In an effort to bridge current and future budget gaps, the City is turning to . . . used cars.

An ordinance circulating through the mayor’s office seeks to establish a new pay-as-you-go replacement plan for aging vehicles within the City’s fleet. The current system requires that a fund be set aside for future vehicle replacement and repairs. Interim Chief Financial Officer Walt Bussells said the City should recoup millions by investing about half that fund with the City’s pension.

Bussells said the City would take about $17 million from the $58 million fund to pay for this year’s replacements and repairs. After contributing $5.8 million to a contingency fund, the City seeks to invest the $35 million remainder into the General Pension Fund. Bussells said the funds currently earn about 1 percent in a money market account.

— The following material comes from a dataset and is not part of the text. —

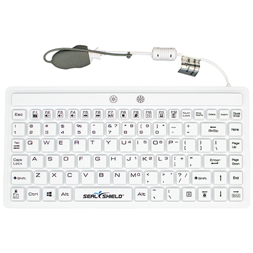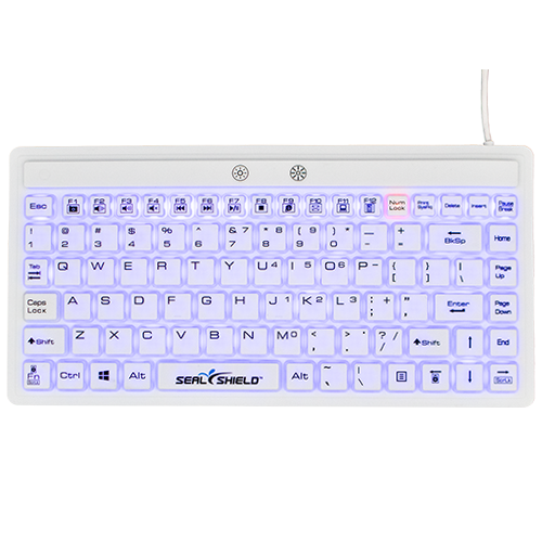 Seal Silk Mini Glow™ Waterproof Backlit Keyboards are 100% waterproof & dishwasher-safe. IP68-certified and designed to withstand industrial-grade disinfectants. Features an ultra compact design, adjustable backlit keys and keylock. (White) (USB)
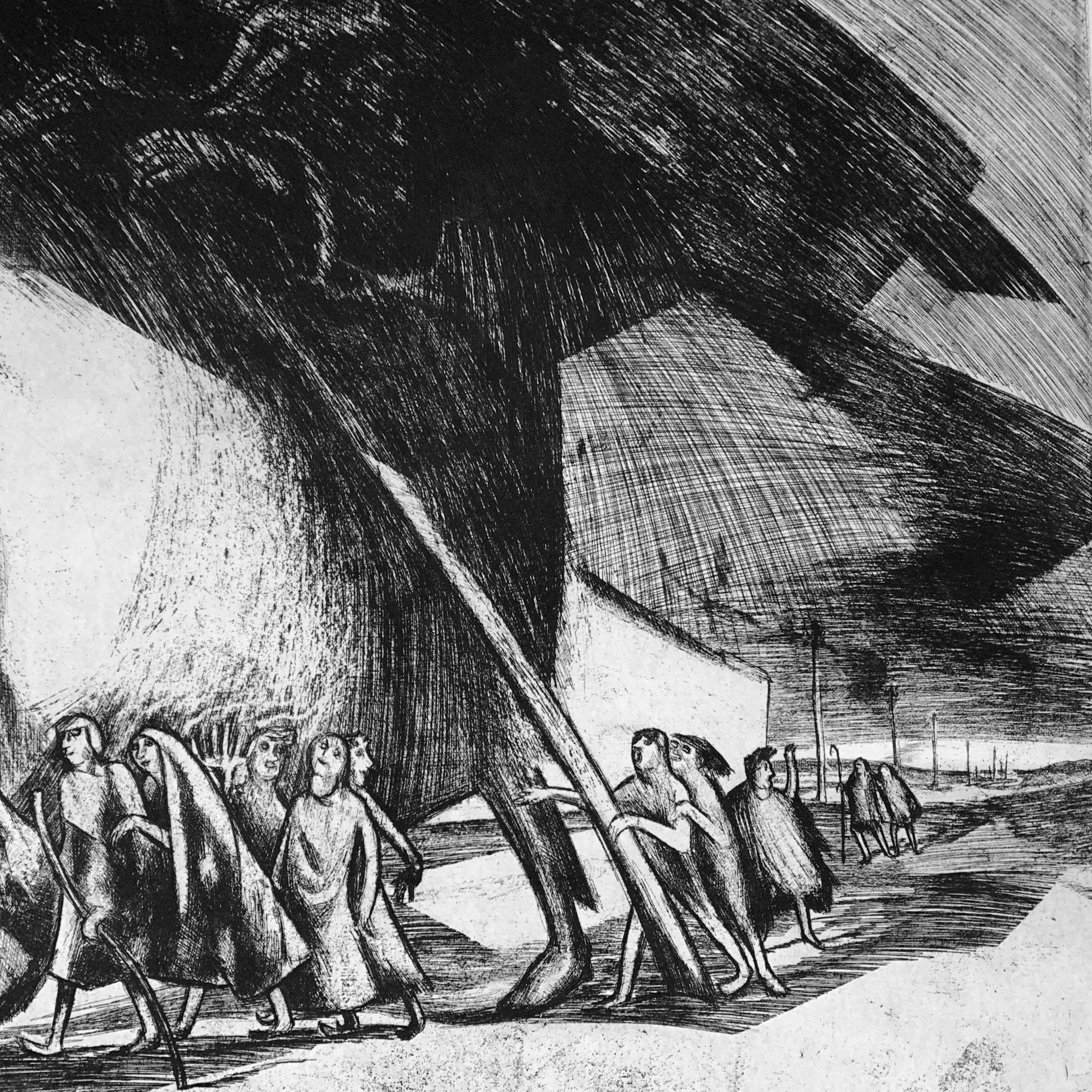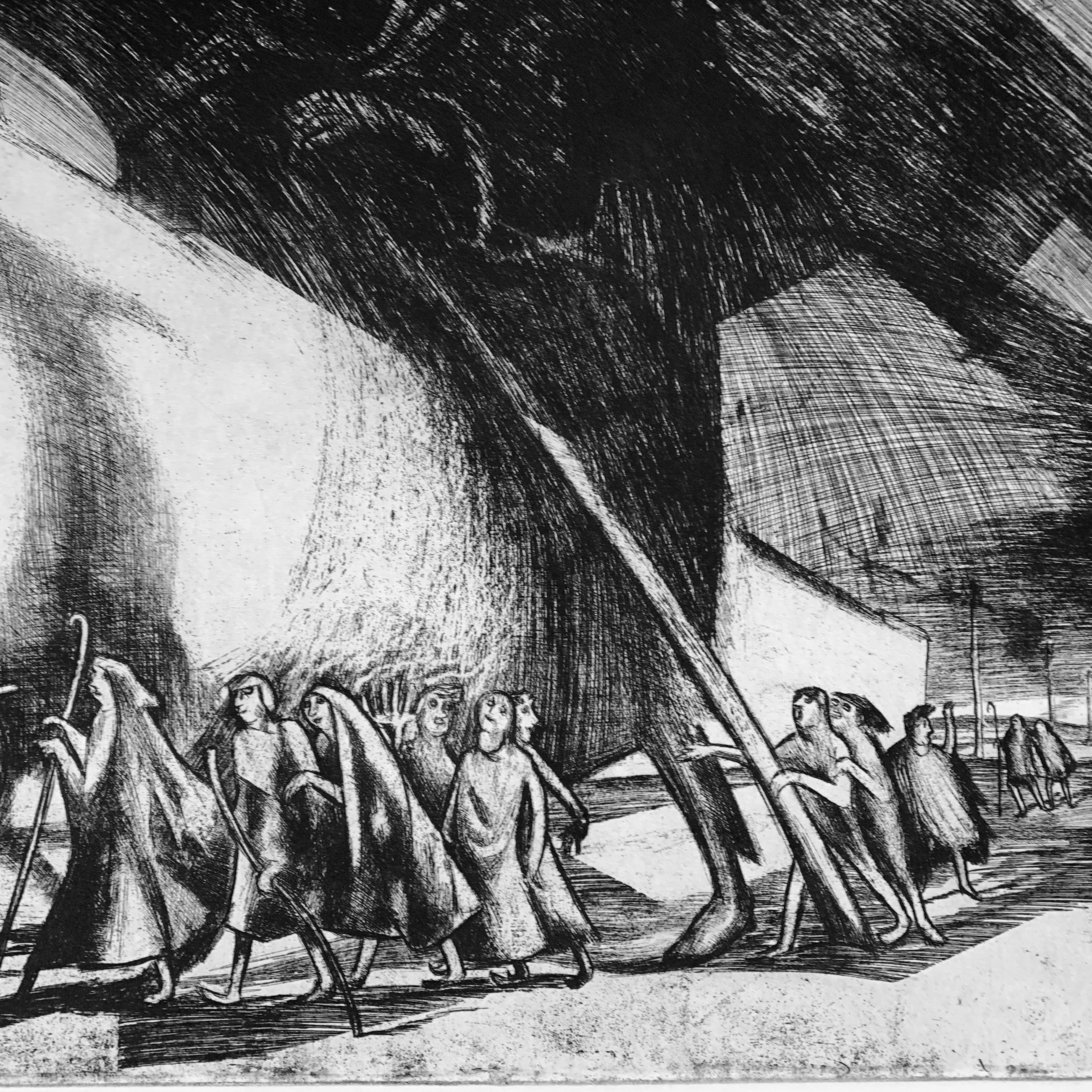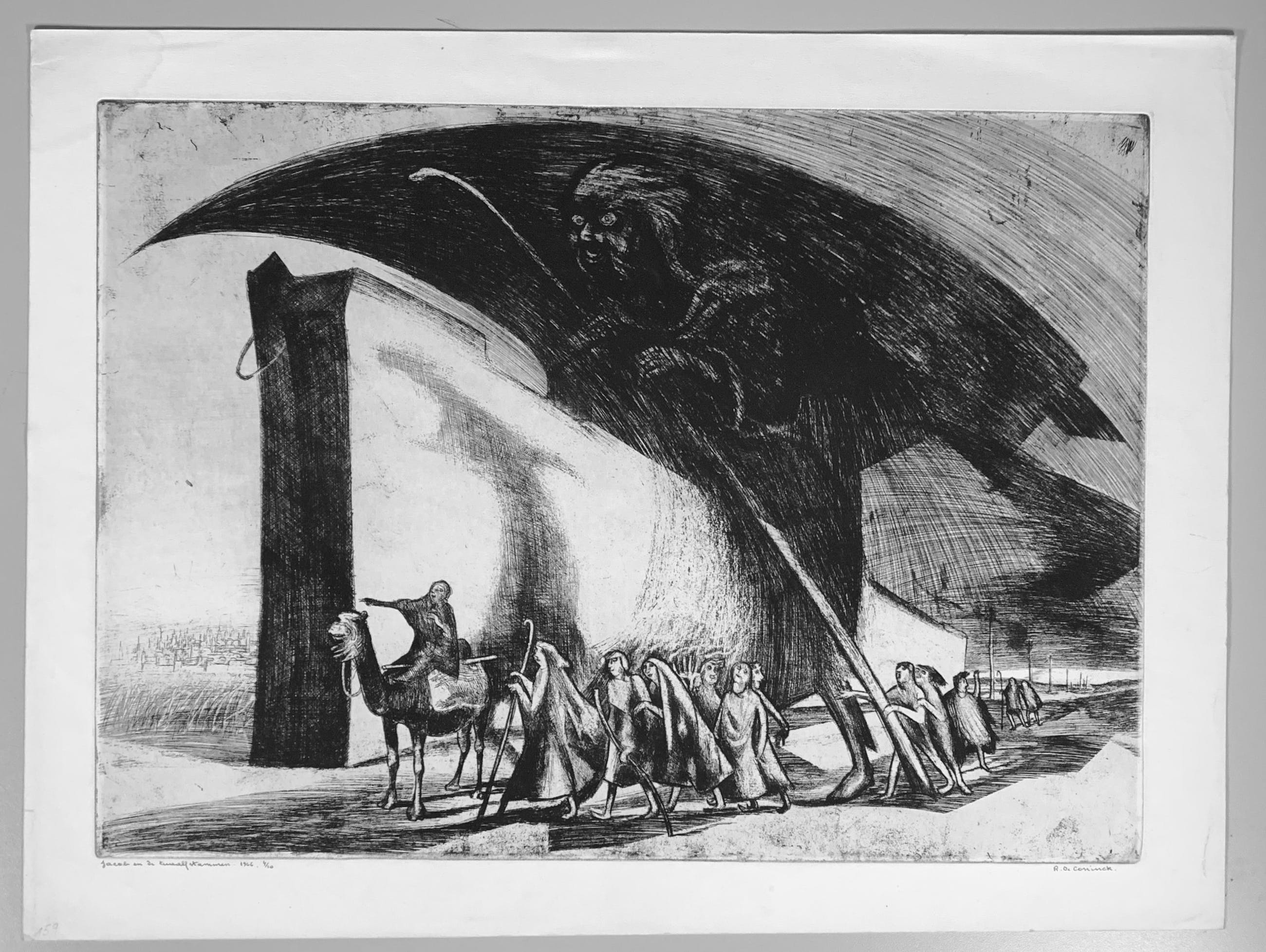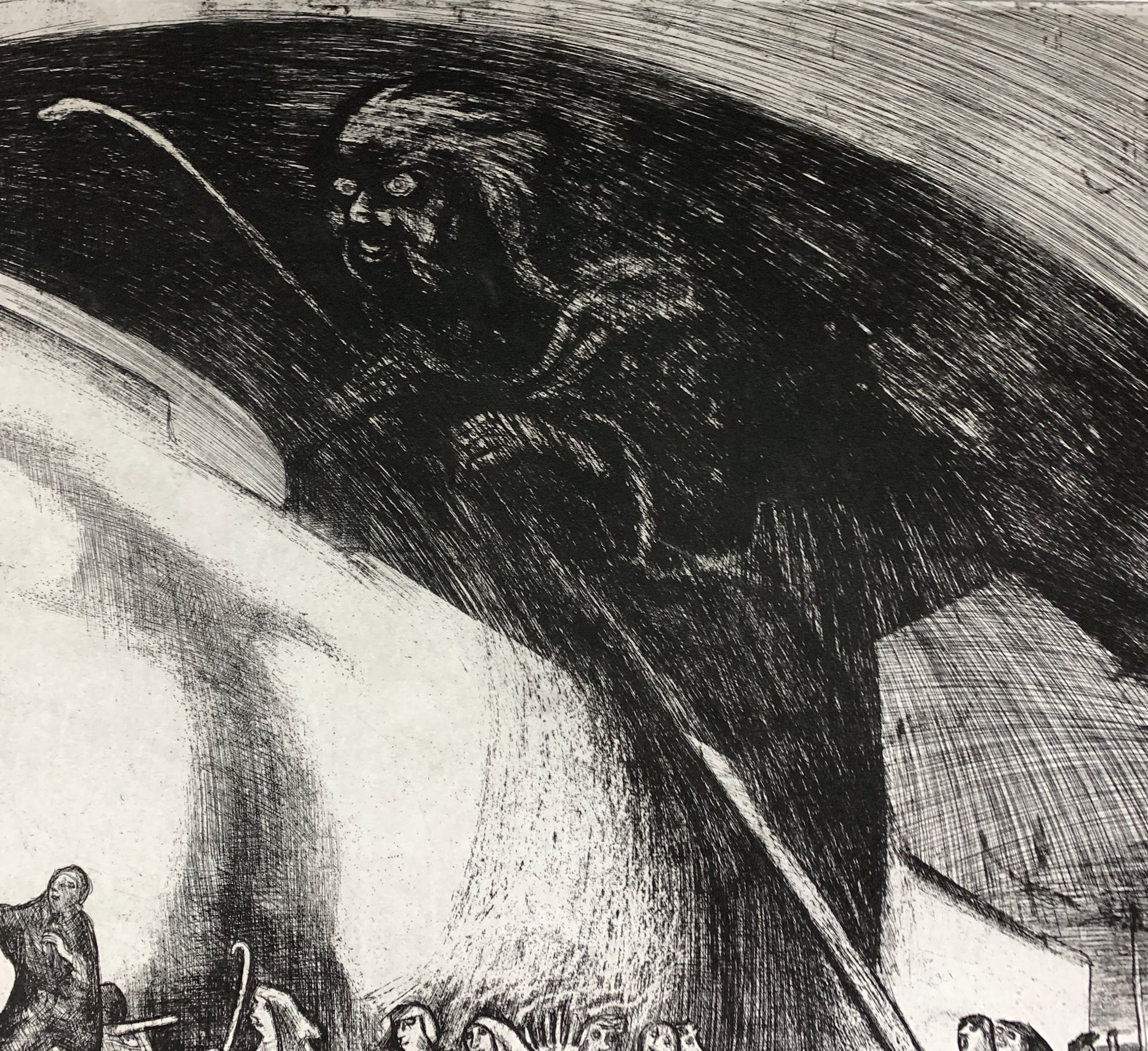 Conditie: Ets goed. Vel heeft vlekjes en 1 hoek heeft watervlek, zie foto's. Editie: 4/10. Afmeting afbeelding: 54 x 75 cm. Wordt verzekerd verzonden in een stevige kartonnen koker.

The General Pension targets 8.5 percent earnings on its investments. At that rate, the City would earn more than $2 million annually. However, the fund lost 2 percent in 2002 due largely to stock market struggles following the corporate scandals and Sept. 11 terrorist attacks.

Bussells said the pension would undergo periods of “boom and bust,” but said the fund would earn money long term. The pension has earned 6.2 percent over the last six years.

“There have been times, in the past decade, when the pension fund has earned over 25 percent,” said Bussells. “If you look at a five-year rolling average, the extreme highs and lows balance out.”

Preliminary drafts of the ordinance — Bussells said four or five had already made the rounds — codify explicit criteria for deciding whether a vehicle should be replaced or repaired. Bussells said vehicles would be replaced when the cost to maintain them became prohibitive.

With the vehicle ordinance, the City will present to the Council legislation that clears the way for a “matched book” approach to City investing and borrowing.

Mayor John Peyton is counting on the new financial strategy to return $15 million to the City next year. The proposed budget lists that money as revenue.

Bussells said the ordinance would link investing and borrowing through the transactions’ durations. He said the City’s current investments mature in the short term while its borrowing is financed long term.

He said the City has been locked into paying interest rates on some bonds that have not allowed refinancing as interest rates have dropped to recent historic lows. Lower interest rates have also meant less return on money market accounts meaning, in some cases, that the City is paying more to borrow than it receives to invest.

“We’ve been paying more than we had to in net interest,” said Bussells. “We’ve missed some opportunities to reduce the cost on borrowing.”

Both ordinances will require Council approval. Bussells said the Council will consider them as a package with the budget. He said the mayor’s staff has been working with Council Auditor Richard Wallace “every step of the way,” in drafting the ordinances.

Bussells said the ordinances represented a lot of the Council’s thinking and the administration’s efforts at early cooperation represented a new approach to the budget approval process.